By Ben Harder
Spending one’s childhood in a community with polluted air stalls lung development roughly as much as does having a mother who smokes, according to a study of children growing up in southern California.
That finding lengthens the list of negative effects on health that stem from bad air (SN: 8/2/03, p. 72: Air Sickness), but it also suggests that antipollution measures could prevent deficits in pulmonary development.
Adolescence is prime growing time for lungs. To evaluate the effects of air pollution during this important period, W. James Gauderman of the University of Southern California in Los Angeles and his colleagues in 1993 tested the lung capacity of 1,759 fourth graders in a dozen southern California communities, including some notably clean areas and some of the most polluted towns in the United States.

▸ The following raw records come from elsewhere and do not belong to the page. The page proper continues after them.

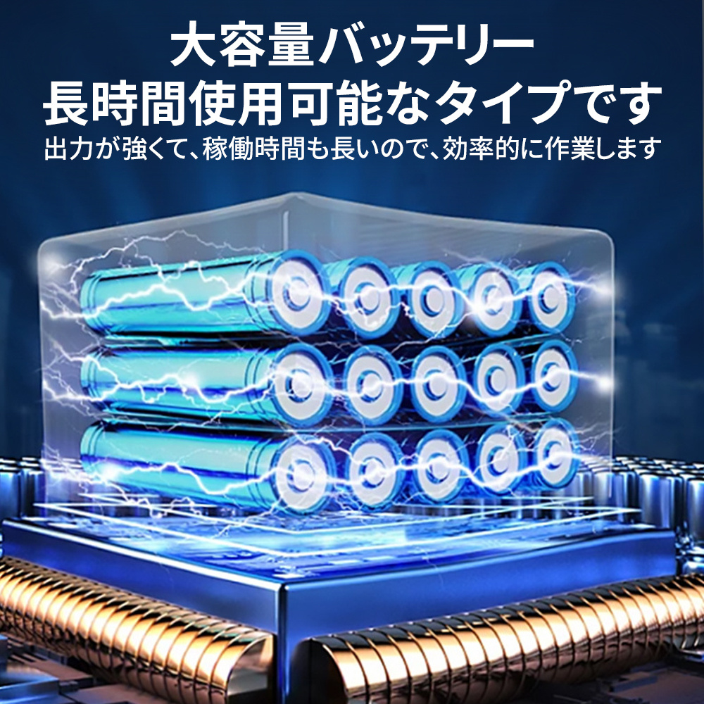 3.0Ah 大容量のリチウムイオンバッテリー付きで、十分な作業が可能です。コードレスで充電使用できるので、使用場所を選ばず、作業中に線を切る心配もありません。また、バッテリー残量や充電状態を LED で明確に表示します。
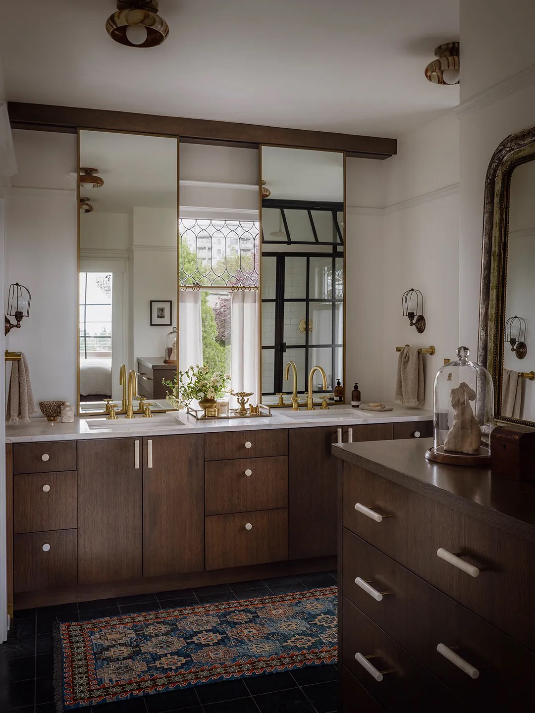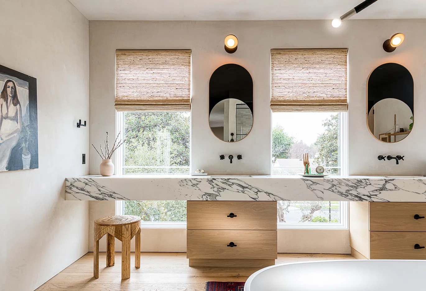 This L.A. space, designed by Robert Diaz, is proof there really is no right way to tackle an awkward bathroom window layout. The thick marble vanity, which spans the entire space, including the windows, is bolted into the plaster-coated walls. From there, it made the most sense to hang the mirrors over the wall-mounted faucets, which fall between the two extra-tall openings.
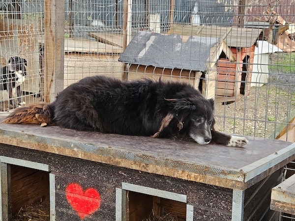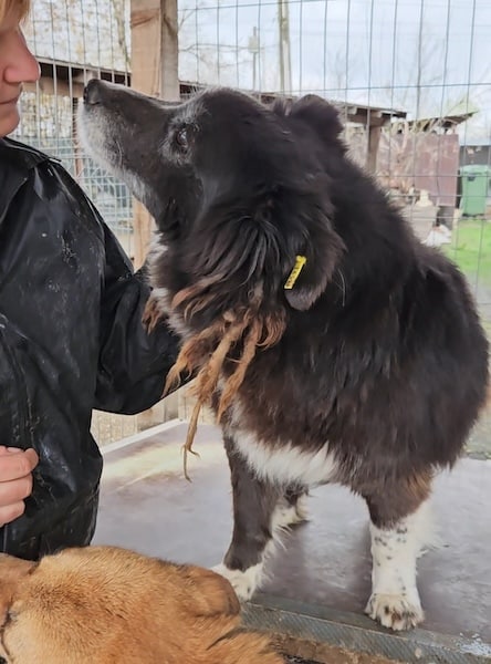 Der süße TINTIN freute sich sehr über unseren Besuch. Die Streicheleinheiten genoss er sichtlich in vollen Zügen und suchte dabei ganz sanft die Nähe zu uns. Mit seinem angenehmen Wesen bringt er beste Voraussetzungen mit, um ein treuer Begleiter im Alltag zu werden. TINTIN blieb während unseres Besuchs ausschließlich auf dem Hüttendach und ging so Streitigkeiten eines anderen Hundes aus dem Weg. Wir schätzen ihn als verträglich ein.
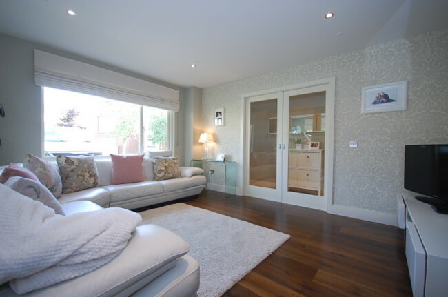 The house is three-storeys with a wood-floored living room, a fully fitted kitchen with integrated appliances and four bedrooms, one of which is en-suite. There is also a south-facing roof terrace.
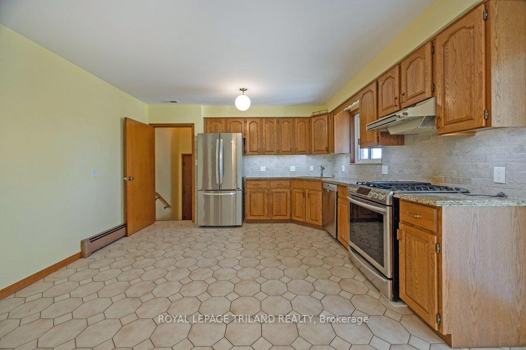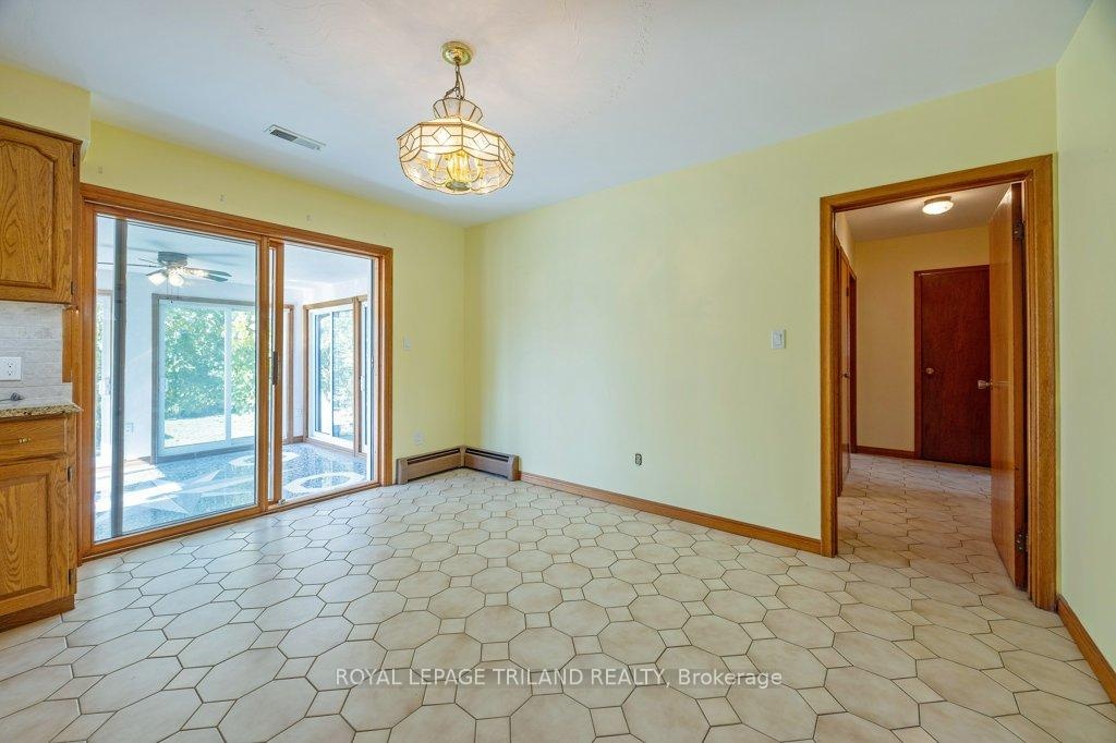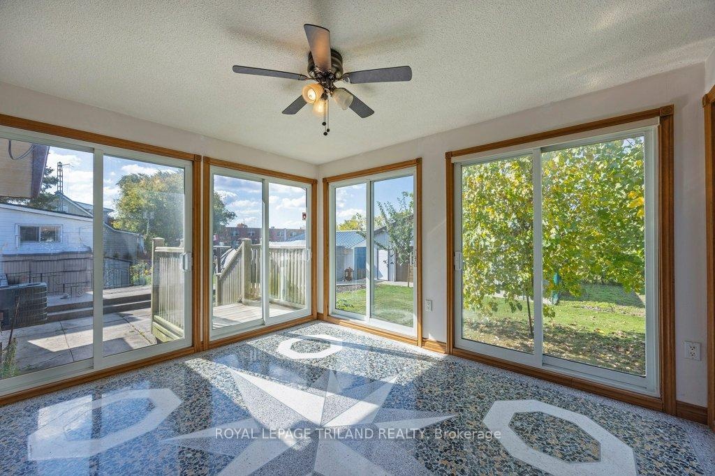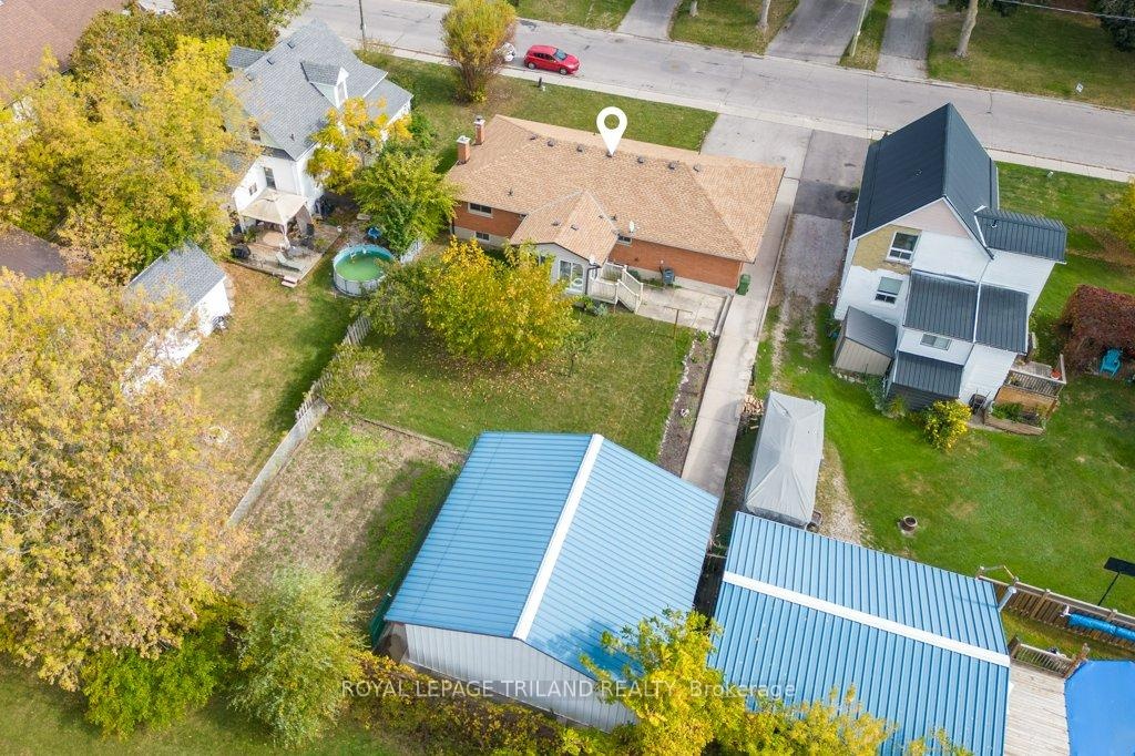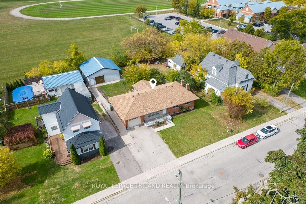 First time on the market in nearly 60 years! This one-owner, solid brick ranch offers 3 bedrooms, 2 bathrooms, an attached garage with exterior access & two stairwells - one with access to the lower level. R3 zoning adds future potential. There's a separate 29 x 29ft heated workshop with concrete floor - perfect for hobbies, storage, or toys! Backing onto Central Elgin Collegiate Institute Alumni Field and just steps from the YMCA, Forest Park Public and St. Anne's Catholic Elementary, this property boasts a convenient and desirable location. Inside, enjoy a spacious kitchen with solid wood cabinetry, granite countertops, tile backsplash, and included appliances. The main floor also features hardwood, terrazzo & tile flooring, a bright living room, a 3-season sunroom, 3- bedrooms, a linen closet, and a bathroom with tile floor heating. The lower level expands your living space with a generous recreation room featuring a gas fireplace, a kitchenette with included appliances, a laundry area, an updated bathroom with a shower, and an office - ideal for guests or a home workspace. Outside, the partially fenced backyard includes a patio, fruit trees, and room for gardens. A rare opportunity to own a lovingly maintained home with excellent potential in a prime location - bring your ideas and make it your own!
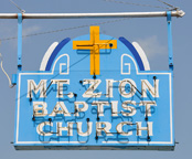 | The Mt. Zion Baptist Church features three neon signs. It's hard to guess the age of them. The one on the left might be a replica or an older sign. The other two appear to be later and/or repainted. For more, see these websites: 1 and 2. [map] |
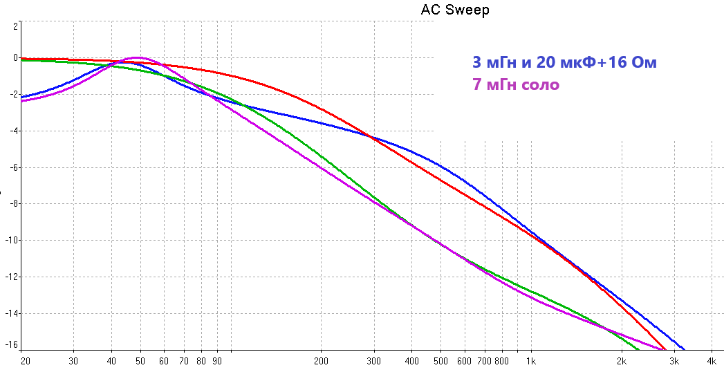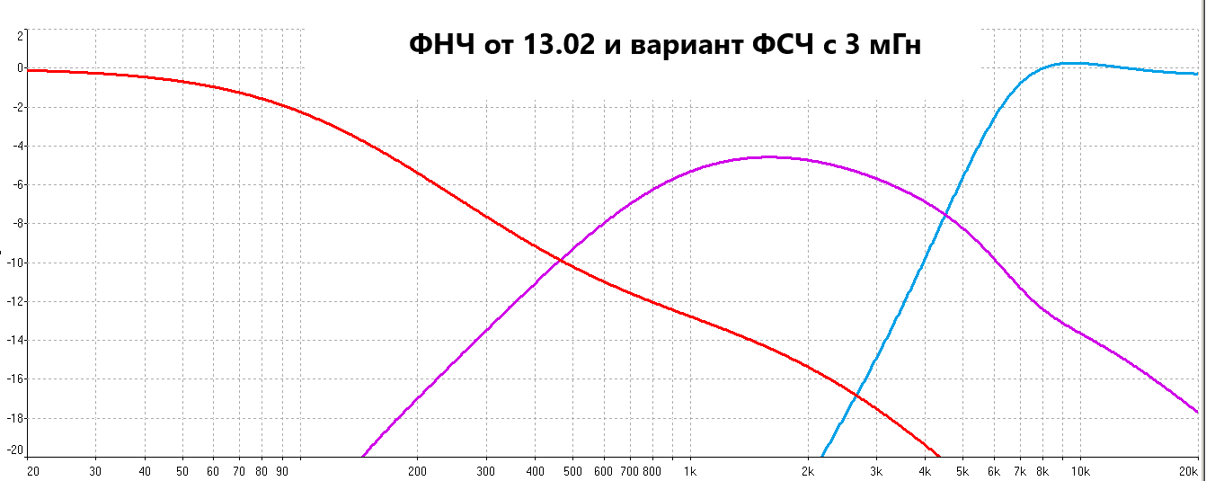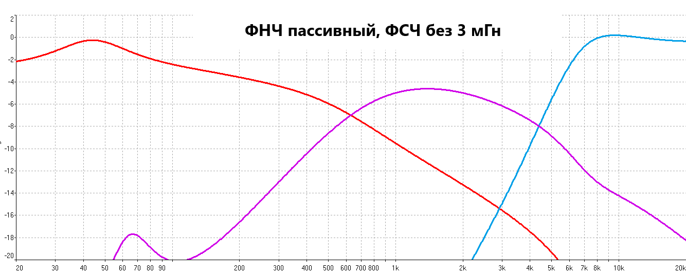 Сравнение плАтки-ФНЧ с пассивными фильтрами при работе от источника 2 Ома, СЧ/ВЧ подключены.
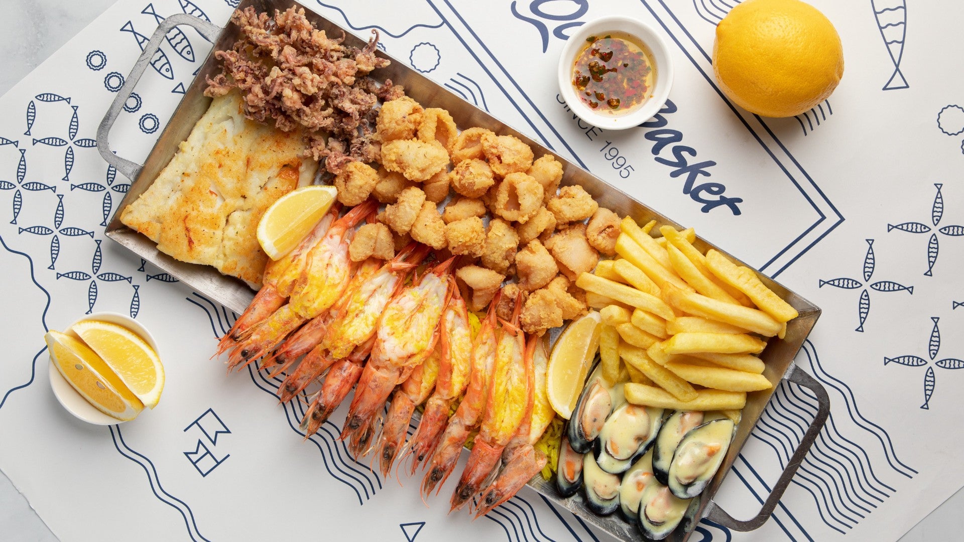 24 Prince Prawns, Calamari, Mussels & Line Fish Cod Fish or Barramundi (share between 4) and served with half chips and half rice.AED 249Platter For 2
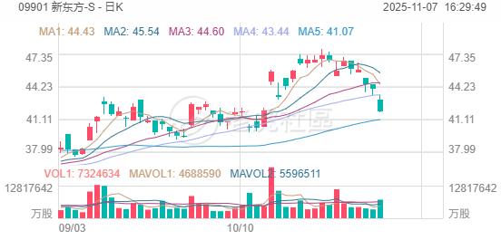 教育股多数下跌,天立国际控股跌超15%,思考乐教育跌超6%,新东方-S跌近5%,卓越教育集团跌超4%;
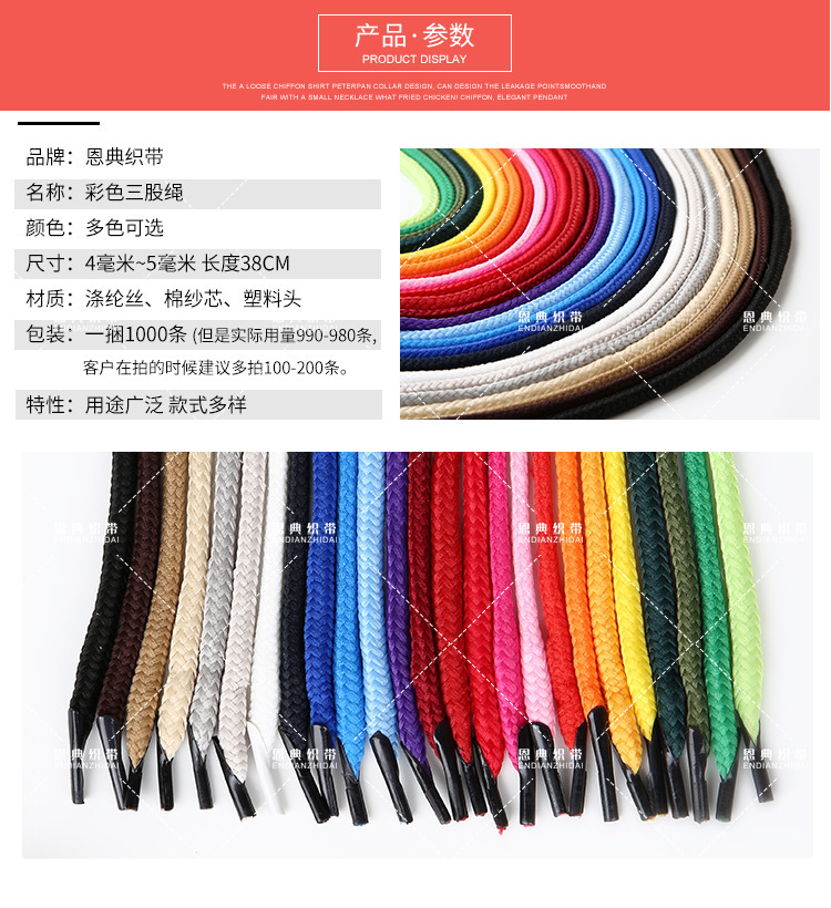定制厂家涤纶编织礼品袋手提绳 彩色三股手提绳低弹绳批发

Then, through 2001, the researchers annually repeated the test on as many of the original volunteers as they could locate. Moreover, they recorded information on each child’s health and exposure to tobacco smoke.
Gauderman and his colleagues also took air samples, which they used to estimate concentrations of various air pollutants in each participating community.
Between the ages of 10 and 18 years, most of the boys doubled their lung function, and girls increased theirs by about two-thirds. About 4 percent of the 18-year-olds fell at least 20 percent short of the value that the scientists had predicted for them, taking into account such factors as their sex, size, tobacco exposure, and any asthma.
Teens who had grown up in towns with the dirtiest air were up to five times as likely to have lower-than-expected lung function as were kids in the cleanest communities. The average differences in lung capacity between the most-polluted and cleanest-air towns were similar to those previously observed among children whose mothers did and didn’t smoke, respectively.
Airborne carbon, nitrogen dioxide, acid vapors, and particulate matter contributed to the diminished lung capacity, Gauderman and his colleagues report in the Sept. 9 New England Journal of Medicine. In southern California, they note, those pollutants come mainly from cars and trucks.
The entire population faces long-term harm from modest air pollution, says
C. Arden Pope III of Brigham Young University in Provo, Utah. The study indicates that boys and girls, teen smokers and nonsmokers, and kids with and without asthma are equally susceptible, he says.
“Even relatively small amounts of air pollution have fairly large, long-term effects on pulmonary health,” Pope says. The harm to young lungs appears proportional to the pollutants’ concentrations, no matter how low they fall. Any worsening of air quality, even within currently permitted ranges, is thus likely to harm public health, he says.
On the other hand, air-quality improvements could produce health benefits. “Extremely high concentrations of air pollution remain in many areas of the world, and decreasing these concentrations offers substantial opportunities for disease prevention,” Pope says.